Location of sclerotia formation: The location of sclerotia was observed on the basis where actually the sclerotia were formed in the fungal colony (Table 4.5). Based on the location of sclerotia formation, these isolates were categorized into three groups. First group included those isolates where sclerotium formed within the aerial mycelium (RS-1, RS-2, RS-5, RS-7, RS-9, RS-11, RS-13, RS-20 and RS-22). Second group included those isolates where sclerotia formed at the surface of the mycelium (RS-4, RS-6, RS-8, RS-12, RS-15, RS-16, RS-17, RS-18 RS-19, RS-21, RS-23 and RS-25). The isolates, RS-3, RS-8, RS-10, RS-14 and RS-18 had sclerotia embedded in the fungal mycelium itself.

Manner of sclerotia formation within the petridish: Based on number of sclerotium formed in the Petri dishes isolates of Rhizoctonia Solani were classified into three groups (Table 5). Sclerotium formed in the central ring was placed into group-1, which consisted of eight isolates (RS-3, RS-6, RS-9, RS-13, RS-15, RS-17, RS-21, and RS-22). Nine isolates (RS-2, RS-5, RS-10, RS-11, RS-12, RS-18, RS-23 and RS-25) were those, where sclerotium were formed in the peripheral manner and classified into group-2. Those isolates where sclerotium were formed scattered in the petridish i.e., neither peripheral nor central were placed into a separate groups-3 which included seven isolates (RS-1, RS-4, RS-7, RS-8, RS-14, RS-19 and RS-20).

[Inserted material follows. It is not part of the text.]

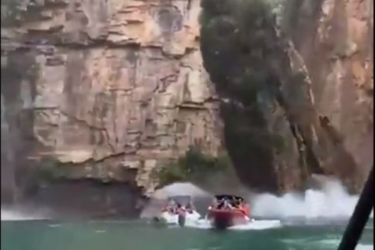 Caught on video. 19 hours ago10 die when Brazil cliff wall collapses on boats in tragedy caught on video Read full article This handout picture released by Minas Gerais Fire Department in Brazil shows firefighters during a rescue operation after a wall of rock broke from a cliff falling onto several tourist boats on Jan. The incident took place at Lake Furnas a popular tourist spot in the Brazilian state Minas Gerais.
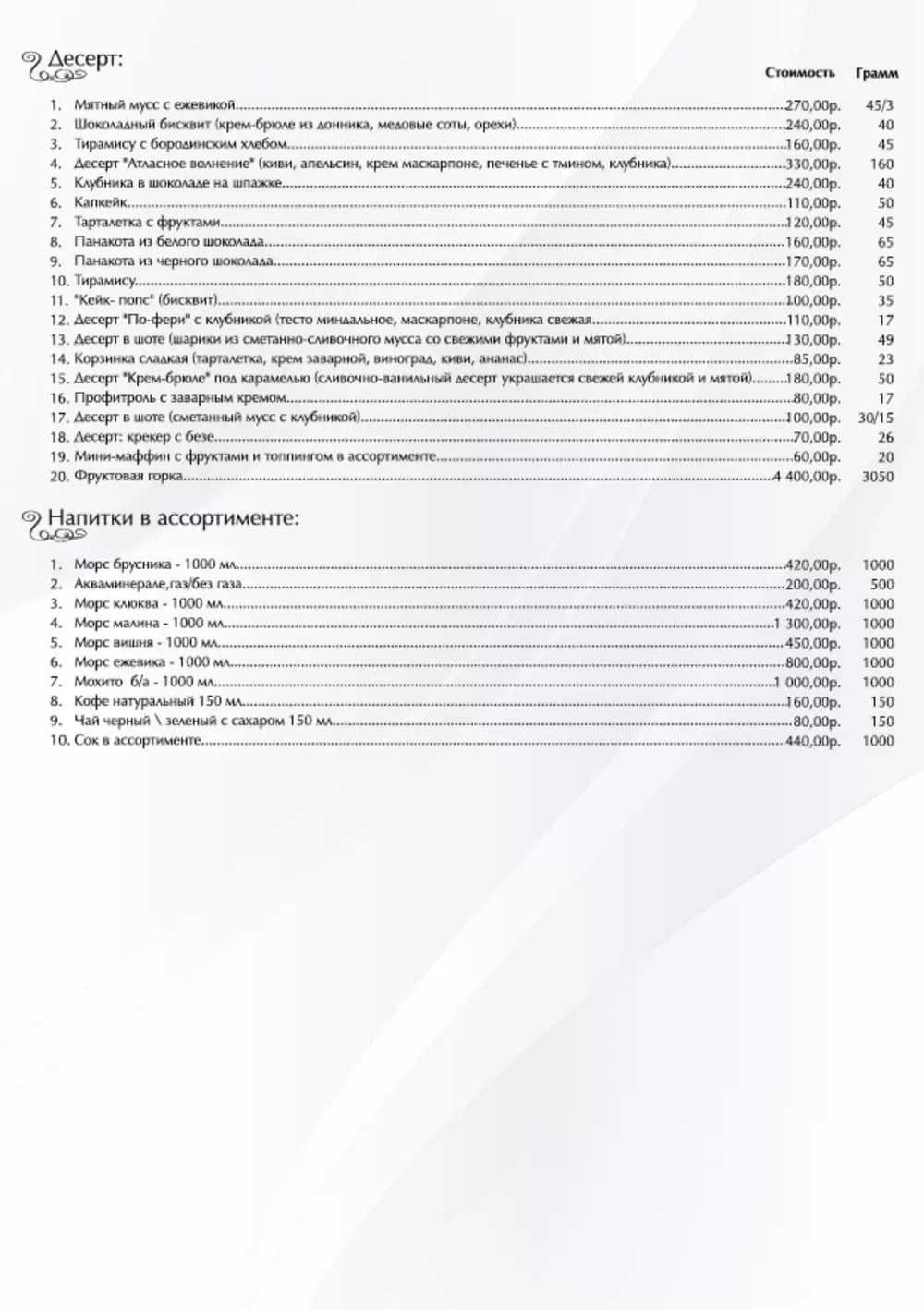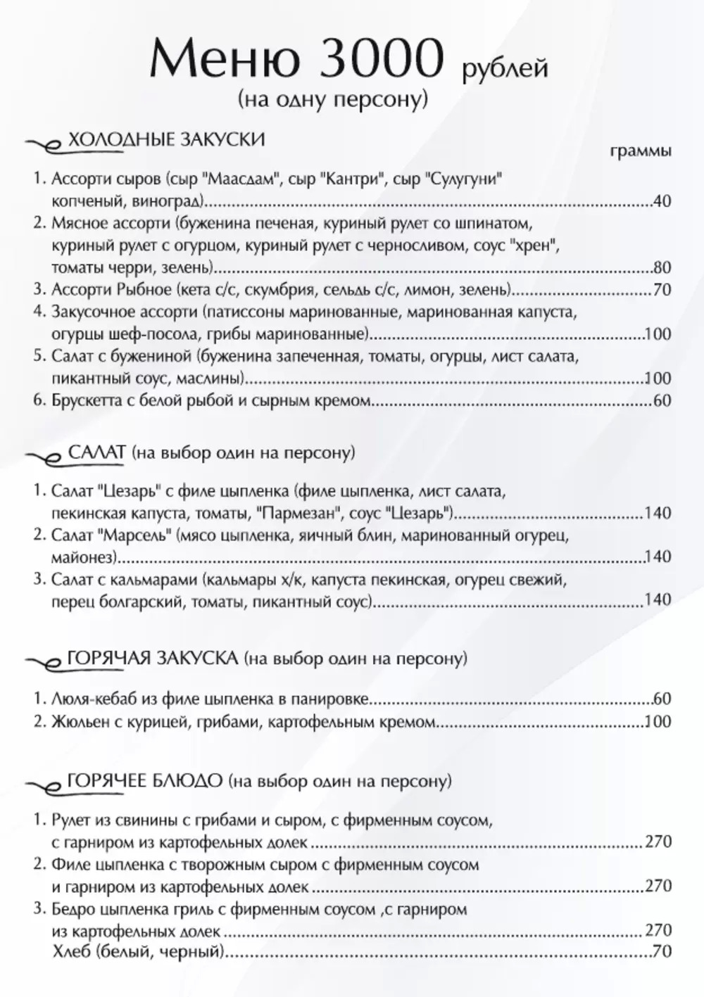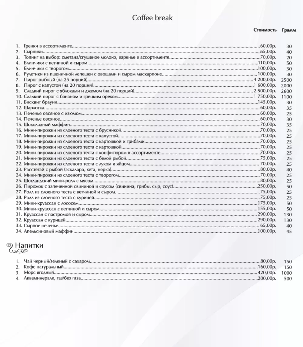 В нашем арсенале уже есть готовые меню на разные бюджеты, и вы всегда можете совместно с менеджером составить своё индивидуальное меню!

Time taken for sclerotia formation

All isolates showed great variation in the time taken for initiation of sclerotia formation also whichranged from 3 to 6days (Table 4).Two isolates (RS-3,and RS-11) took 3 days for initiation of sclerotia formation, six isolates (RS-1, RS-4, RS-13, RS-15, RS-17 and RS-19) took 4days for initiation of sclerotia formation, thirteen isolates (RS-2, RS-5,RS-6, RS-7, RS-8,RS-9, RS-12, RS-14, RS-16, RS-18, RS-20, RS-22 and RS-23) took 5days for initiation of sclerotia formation and three isolates (RS-10, RS-21 and RS-25) took 6days for initiation of sclerotia formation.

Molecular variability of R. Solani isolates

DNA amplification using RAPD: Among 25 RAPD primers, only 18 resulted in the PCR products and rest of the 7 couldn’t resulted in any PCR product. Out of 18 primers, resulting in PCR products, 17 primers gave polymorphic bands whereas one primer i.e. UBC-373 resulted in one monomorphic bands also.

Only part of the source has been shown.